The Honest Broker’s Ted Gioia called Chat GPT “the slickest con artist of all time.” Gioia pointed out several instances of the AI not just making facts up but changing its story on the fly to justify or explain the fabrication (above and below). It often used even more false information to “correct” itself when confronted (lying to protect the lie).

The difference between the ChatGPT-3 model’s behavior that Gioia exposed and Bing’s is that, for some reason, Microsoft’s AI gets defensive. Whereas ChatGPT responds with, “I’m sorry, I made a mistake,” Bing replies with, “I’m not wrong. You made the mistake.” It’s an intriguing difference that causes one to pause and wonder what exactly Microsoft did to incite this behavior.
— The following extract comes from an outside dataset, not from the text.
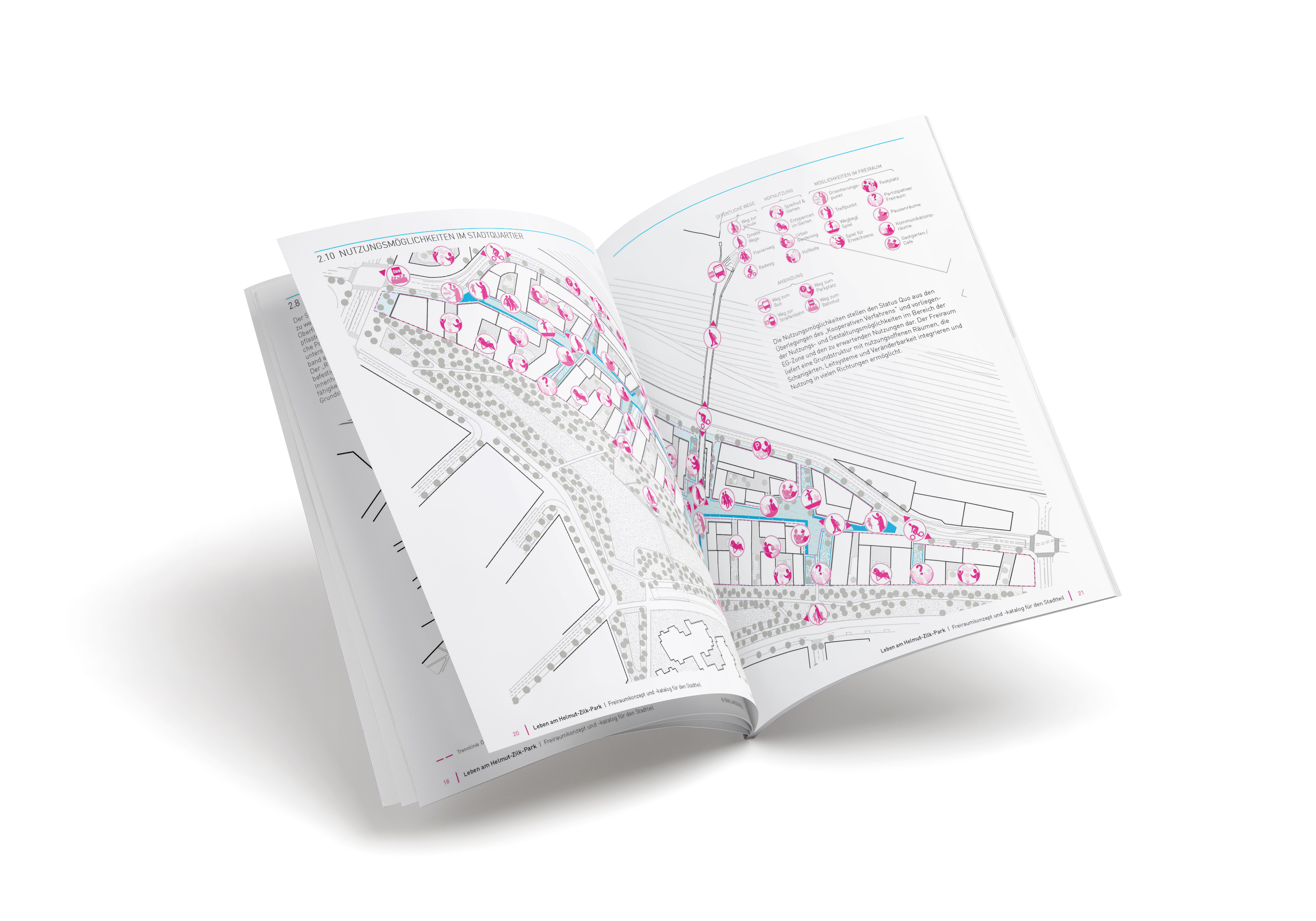 Im Rahmen der Entstehung des neuen Wohnquartiers wurden Strategien des Öffentlichen, die ein Freiraumkonzept für den neuen Stadtteil beinhalten, geschaffen. In Form eines Kataloges wurden die Vision für das Leben am Helmut-Zilk-Park, die Ziele des Freiraumkonzepts, die Materialien, sowie die einzelnen Freiraumtypen dargestellt. Dabei wurden die unterschiedlichen Grade der Öffentlichkeit betrachtet, die einzelnen Funktionen der Teilbereiche abgebildet und Möglichkeitsräume definiert. Somit zeigt der entstandene Katalog die Gestaltungskriterien für sowohl den öffentlichen Raum, als auch für die privaten Freiräume. Diesen Erläuterungen wurde außerdem das Mobilitätskonzept beigelegt. Zur Sicherung der gewünschten Qualitäten des Freiraums wurde das Dokument Teil jedes Grundstückskaufvertrages.

This attitude adjustment could not possibly have anything to do with Microsoft taking an open AI model and trying to convert it to a closed, proprietary, and secret system, could it?

I know my sarcastic remark is entirely unjustified because I have no evidence to back the claim, even though I might be right. Sydney seems to fail to recognize this fallibility and, without adequate evidence to support its presumption, resorts to calling everyone liars instead of accepting proof when it is presented. Hmm, now that I think about it, that is a very human quality indeed.